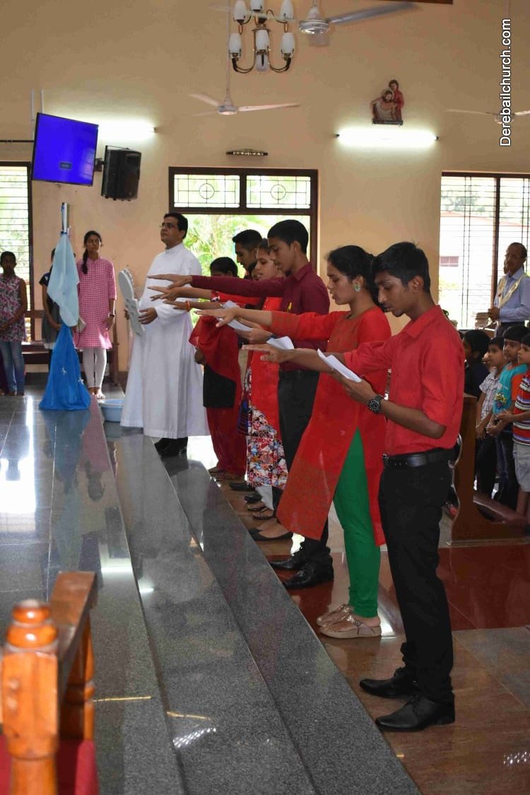 YCS Inauguration was held on 22nd July 2018 at 9.15 a.m. mass. Rev.Fr. Gratian Alvares celebrated the mass and Rev.Fr. Austin Peres inaugurated the YCS for the academic year by symbolically attaching the YCS logo onto a board with the words – ‘See, Judge  & Act on it.
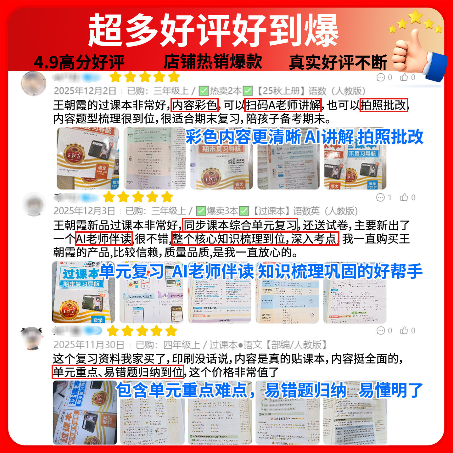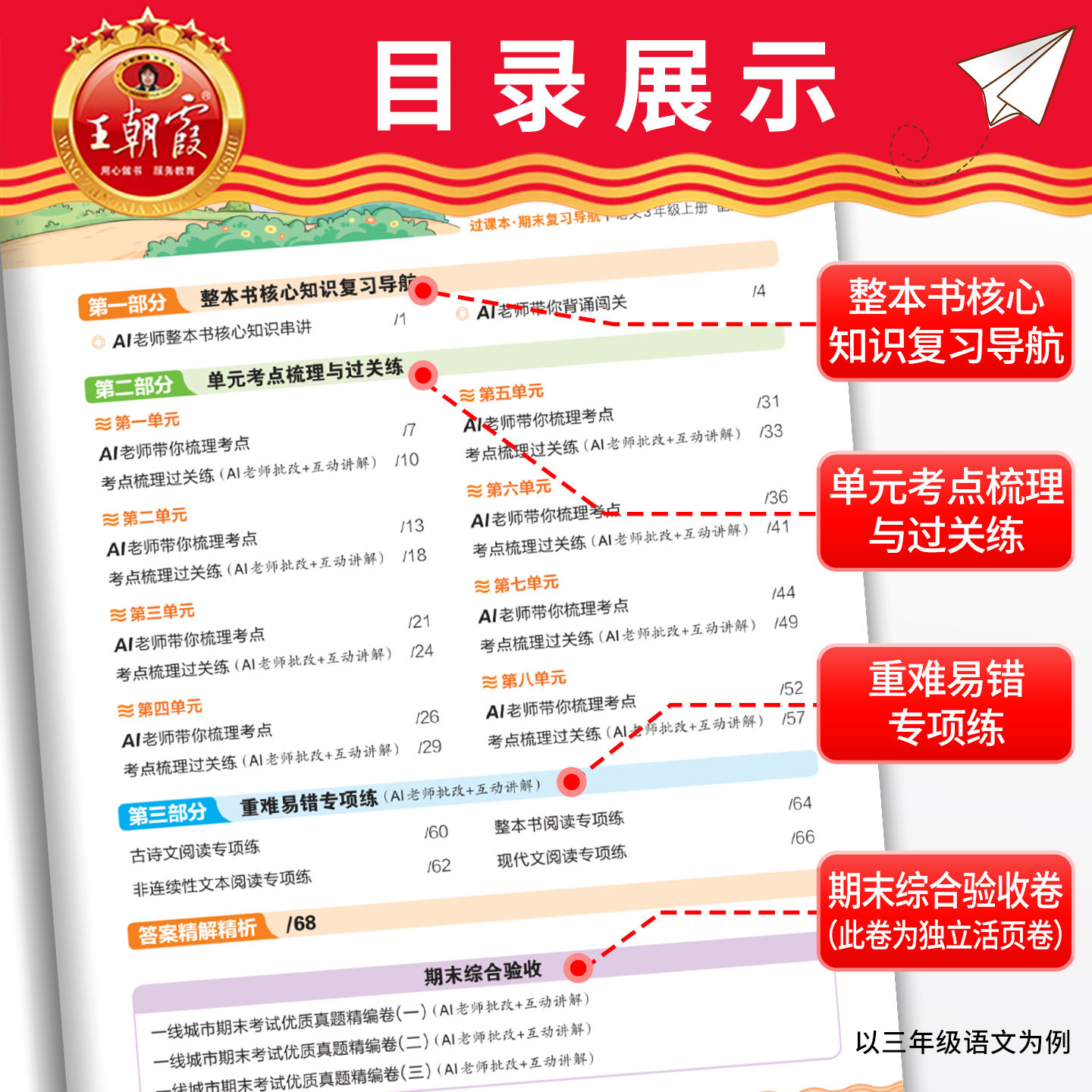 天猫2025秋王朝霞过课本期末复习三四五六年级一二年级上册期末考前复习备考语文人教北师苏教版数学英语AI老师辅导伴学期末冲刺卷
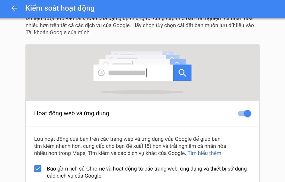 Tại đây gồm có các tùy chọn Hoạt động web và ứng dụng, Lịch sử vị trí (chính là những địa điểm mà bạn đã đến), Thông tin thiết bị, Hoạt động bằng giọng nói và âm thanh, Lịch sử tìm kiếm và các video đã xem trên YouTube… Nếu muốn bảo mật thông tin cá nhân, bạn có thể tắt bớt các tùy chọn không cần thiết bằng cách kích vào nút gạt màu xanh ở ngay bên cạnh.
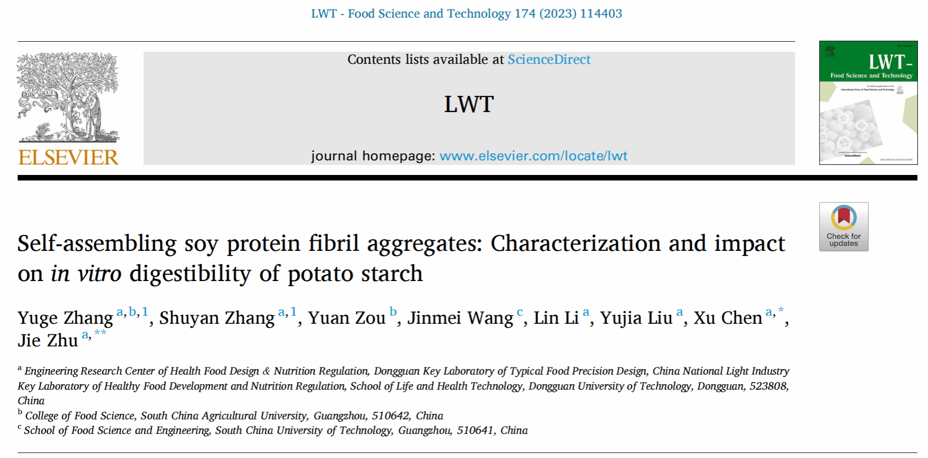 本研究以《Self-assembling soy protein fibril aggregates: Characterization and impact on in vitro digestibility of potato starch》为题发表在SCI收录期刊《LWT-FOOD SCIENCE AND TECHNOLOGY》(IF: 6.056, Q1)。东莞理工学院-华南农业大学联合培养在读硕士张昱格为本文第一作者,东莞理工学院食品营养健康工程与智能化加工研究中心张书艳硕士为共同一作,陈旭博士和朱杰副教授为通讯作者。该论文是我校生命健康技术学院与联合高校共同培养硕士研究生积累的又一新成果。
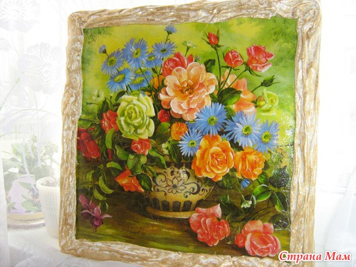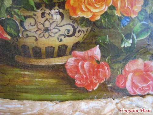 Салфетку сначала наклеила на канву, затем на бак фанеру, 2х шаговый кракелюр
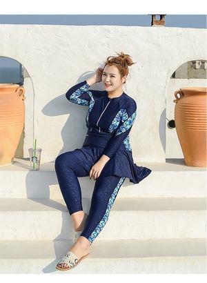 日焼け対策に便利なスポーツウェアのような水着2点セットです。
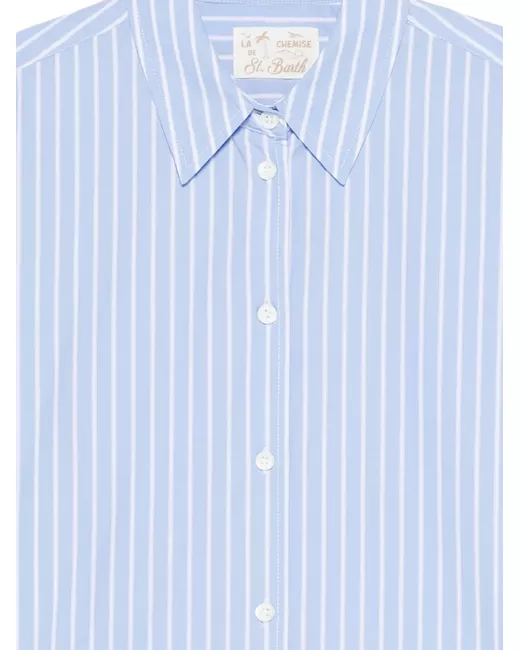light blue vertical stripe print buttoned front closure classic collar long sleeves embroidery
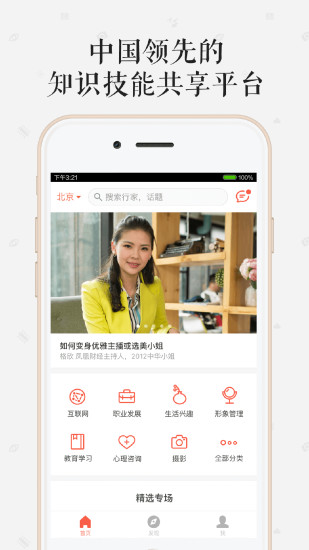 「在行」致力于用分享经济的理念让每个人的知识技能各尽所能。从现在开始,当你遇到任何领域的问题或是个性化的服务需求,都可以在这里,径直找到一个可以帮助你的人,答疑解惑,出谋划策,定制服务。

**Task prompt**
For this exercise, retype exactly, and only, the lines from the line with "日焼け対策に便利なスポーツウェアのような水着2点セットです。" through the last line of the material above, both included. Pictures stay out.

**Reply**
 日焼け対策に便利なスポーツウェアのような水着2点セットです。
light blue vertical stripe print buttoned front closure classic collar long sleeves embroidery
 「在行」致力于用分享经济的理念让每个人的知识技能各尽所能。从现在开始,当你遇到任何领域的问题或是个性化的服务需求,都可以在这里,径直找到一个可以帮助你的人,答疑解惑,出谋划策,定制服务。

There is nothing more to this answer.